A new ruling from the IRS allows employers to tie 401(k) benefits to student loan payments. 

On August 17, the Internal Revenue Service (IRS) told one unnamed employer that they can tie their employees’ 401(k) contributions to their student loan repayment benefits. This decision could pave the way for other employers to follow suit.

As more companies become aware of the student debt problem, many are becoming interested in offering student loan repayment benefits to their employees. Employers realize that offering this benefit is a good way to attract qualified employees and increase employee retention.

After all, data shows that 86 percent of younger employees are willing to stay with a company for up to five years if that employer is willing to help them pay back their student loans. Several well-known companies, like PricewaterhouseCoopers, Fidelity, and Staples, already offer their employees’ student loan repayment plans, according to Bloomberg.

However, they are still in the minority with only 4 percent of all employers offering student loan repayment plans. That could be partially due to the fact that when an employer helps an employee pay down their student loan debt, it’s considered taxable income.

The private letter ruling from the IRS addressed employers that want to offer a student loan repayment option that is connected to their 401(k) plan but is concerned about complying with the law.

In the program described in the IRS’ ruling, if an employee pays at least 2 percent of their annual salary toward their student loan debt, this will count as their 401(k) contribution.

This is good news for borrowers who need to continue making payments on their student loan debt but also want to continue saving for retirement. A study by the Center for Retirement Research at Boston College found that by age 30, college graduates with student loan debt had only saved half as much toward retirement as graduates with no student loan debt.

Prior to the ruling, it was unclear whether employers could offer a tax-free student loan repayment option.
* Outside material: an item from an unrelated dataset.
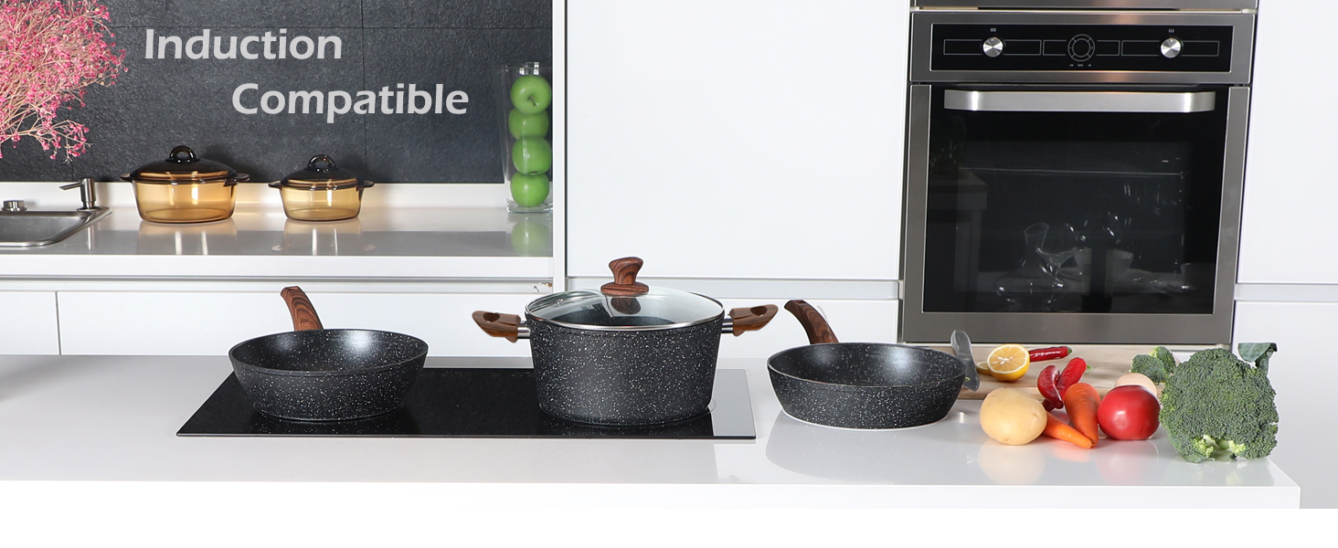 Съдържание на комплекта: Включва тиган 20 см, тиган 28 см, дълбок тиган 24,6 см с капак, тенджера 1,5 см с капак, гювеч 3 см с капак, гювеч 5 см с капак, 1 x силиконова шпатула, 1 x силиконова лъжица за готвене.

This ruling paves the way for employers to tie 401(k) payments and student loan repayment benefits together. And it gives employers the flexibility to design different plans offering student loan repayment benefits.

Attorney Jeffrey Holdvogt told Bloomberg this program offers the most benefit to employees who are paying down their student loan debt but not able to save anything toward retirement. He added that this ruling will likely cause more employers to offer a student loan repayment benefit as part of their retirement program.